XFA/Data Handling Model
Introduction
Amanda's data-handling model sits at the core of the application. Its purpose is fairly simple: move data between a backup client and archival storage. However, it is subject to some stringent constraints.
- Tapes are linear-access devices, with optimal block- and file-sizes; performance deteriorates rapidly as parameters diverge from these optima.
- Recovery of single files (or "user objects", as described below) should be relatively quick, and not require reading an entire dumpfile.
- Recovery should be possible with only native tools and the contents of tapes.

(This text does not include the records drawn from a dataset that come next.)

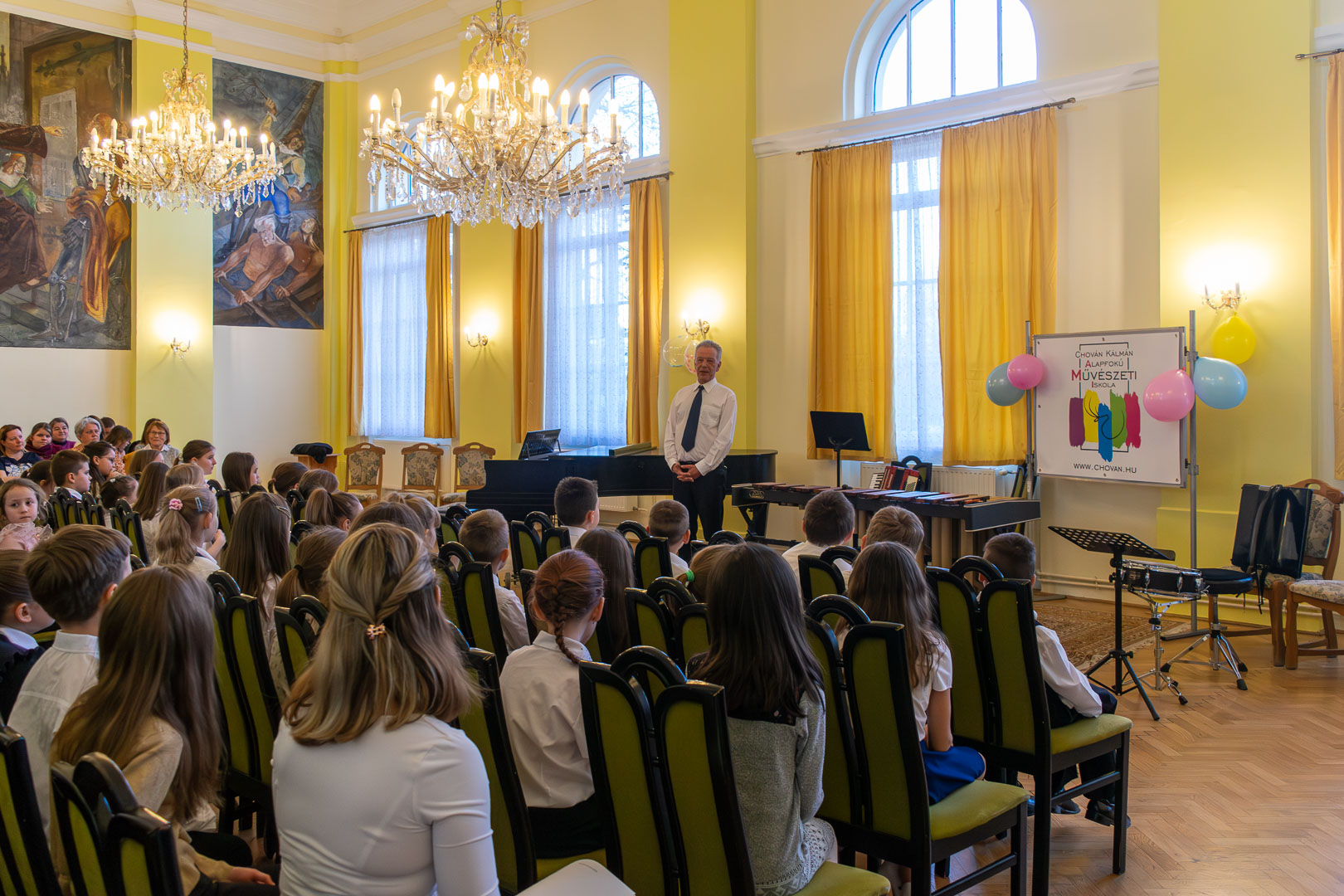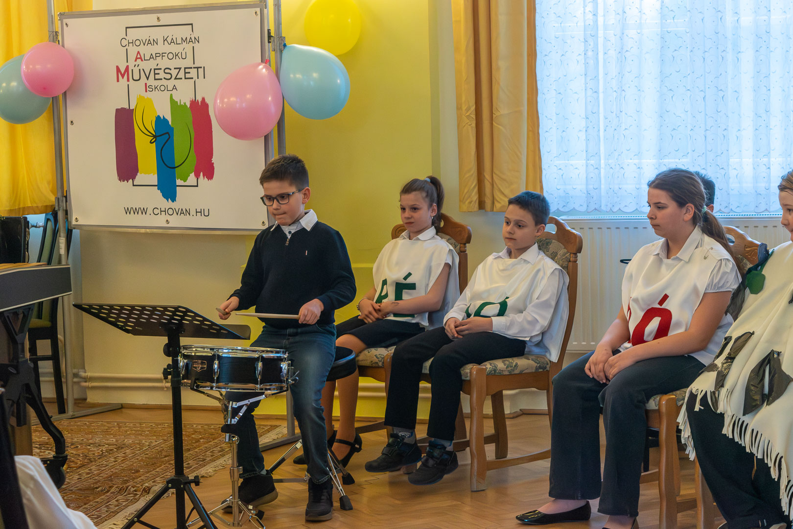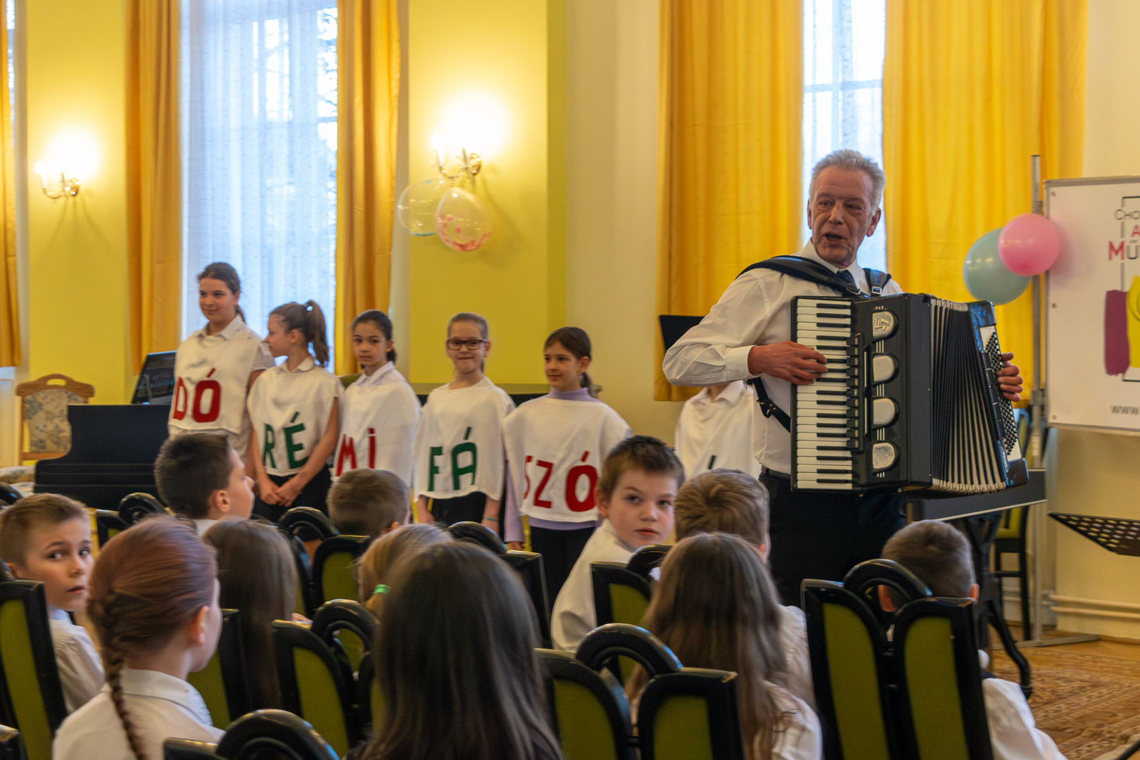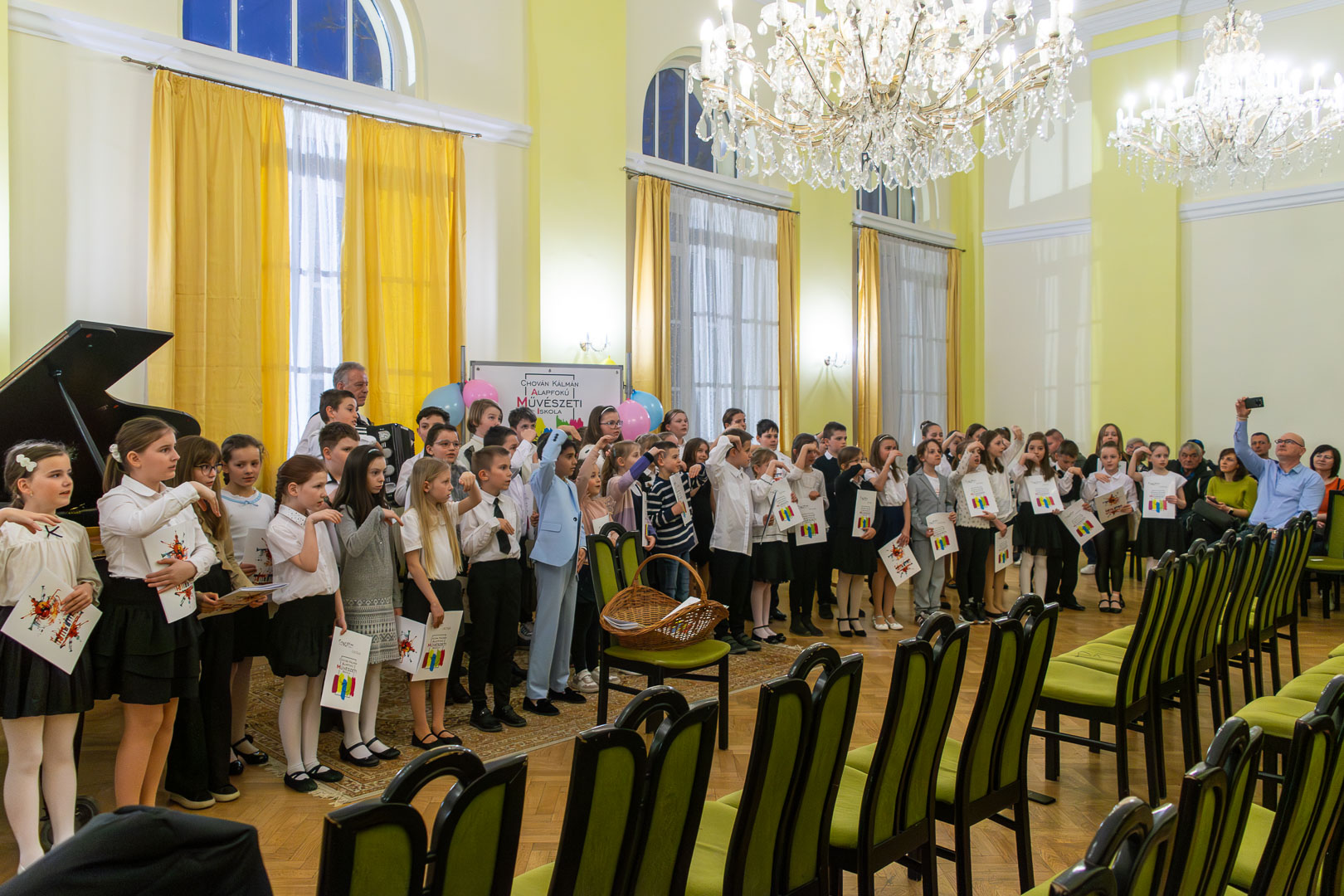 A válaszadásban is a felsőbb éves növendékek és a zenepedagógusok voltak a gyerekek segítségére, így egy élvezetes koncert közben ismerhettük meg a hangszereket, hangszercsaládokat, s más egyéb – a zenével kapcsolatos – tudásra tehettünk szert valamennyien a teremben. Így természetesen nem maradt el a katarzis sem a végén, megkerült a „Nagykönyv”, így Budai Barbara, igazgatóhelyettes név szerint szólíthatta az elsősöket, akik egy Szolfézs Okoska elnevezésű, csak a Chovánban beszerezhető füzetet kaptak ajándékba plusz egy dalt: a szülők és pedagógusok a Tavaszi szél vizet áraszt c. népdallal köszöntötték az ifjú zenészeket. Végül pedig mindenki énekelte a Muzsia hangjából, hogy: Dó, egy domb, egy szép zöld domb, / Ré, egy régen látott rét, / Mi, mi együtt ez a mi, / Fá, a fák fölött az ég, / Szó, egy szó, szórakoztató, / Lá, és örül aki lát, / Ti, ti tudjátok is már, hogy most újra itt a Dó!
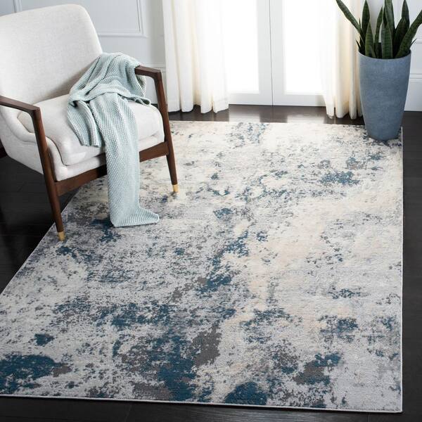 Lagoon Gray/Turquoise 5 ft. x 8 ft. Geometric Distressed Area Rug
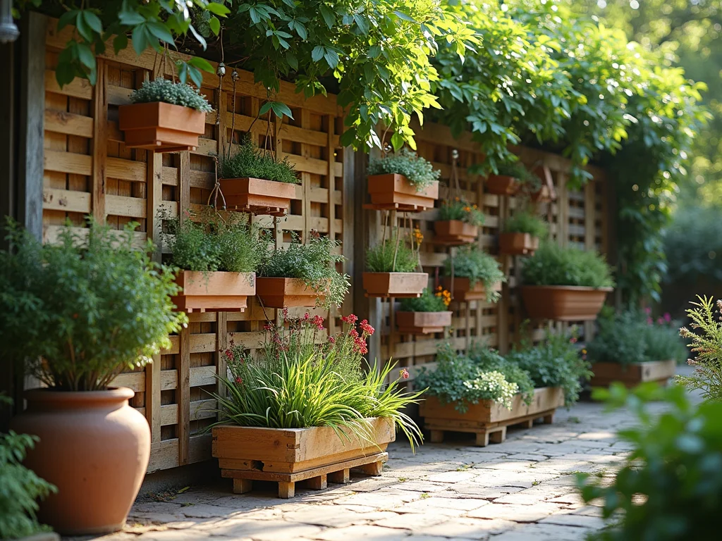 Horta vertical compacta montada em um único pallet, com pequenos vasos de temperos e ervas dispostos em fileiras, ideal para espaços pequenos.

- Amanda must be able to recover indexes and all other metadata from the on-tape data alone (a "reindex" operation).
Terminology
Much of this terminology is part of the the Application API; this section briefly summarizes those terms..
- Application
- An Amanda component that interfaces directly with the client data.
- User Object
- The smallest object that can be restored (e.g., a file for GNU Tar).
- Collection
- The smallest amount of data that the application can operate on (e.g., a 512-byte block for GNU Tar).
- Transfer
- A data-movement operation.
- Transfer Element
- A component of a transfer; elements are combined in a kind of pipeline, with each element sending data to the next.
- Filter
- A transfer element which performs some transformation, such as compression or encryption, on the data that passes through it. Filters are described as operating normally when performing a backup, and in reverse on restore. When operating in reverse, a filter transforms data that it produced during normal operation, transforming it back into the original input. For example, an encryption filter encrypts in normal operation, and decrypts in reverse.
- Seekable Filter
- A filter which, when operating in reverse, can begin at arbitrary points in the datastream; contrast non-seekable filters.
- Non-seekable Filter
- A filter which, when operating in reverse, must always begin at byte zero of the datastream.
- Catenary Filter
- A filter for which concatenation is distributive over filtering. A filter is catenary if
cat file1 file2 | filter | filter -reverse
produces the same output as
(filter <file1 ; filter <file2) | filter -reverse
Gzip, for example is catenary.
- Bytestream
- A linear sequence of bytes; the data exchanged between transfer elements.
- Debit
- The creation of a range of bytes in a bytestream by a transfer element (we try to avoid the terms "block" or "chunk" here, although the effect is similar).
- Credit
- The consumption of a range of bytes from a bytestream by a transfer element.
Notes on Diagrams
Diagrams should be read from top (data source) to bottom (data sink). Each horizontal line is a bytestream, with a transfer element on either side. Tickmarks above a line represent debits, while tickmarks below a line represent credits.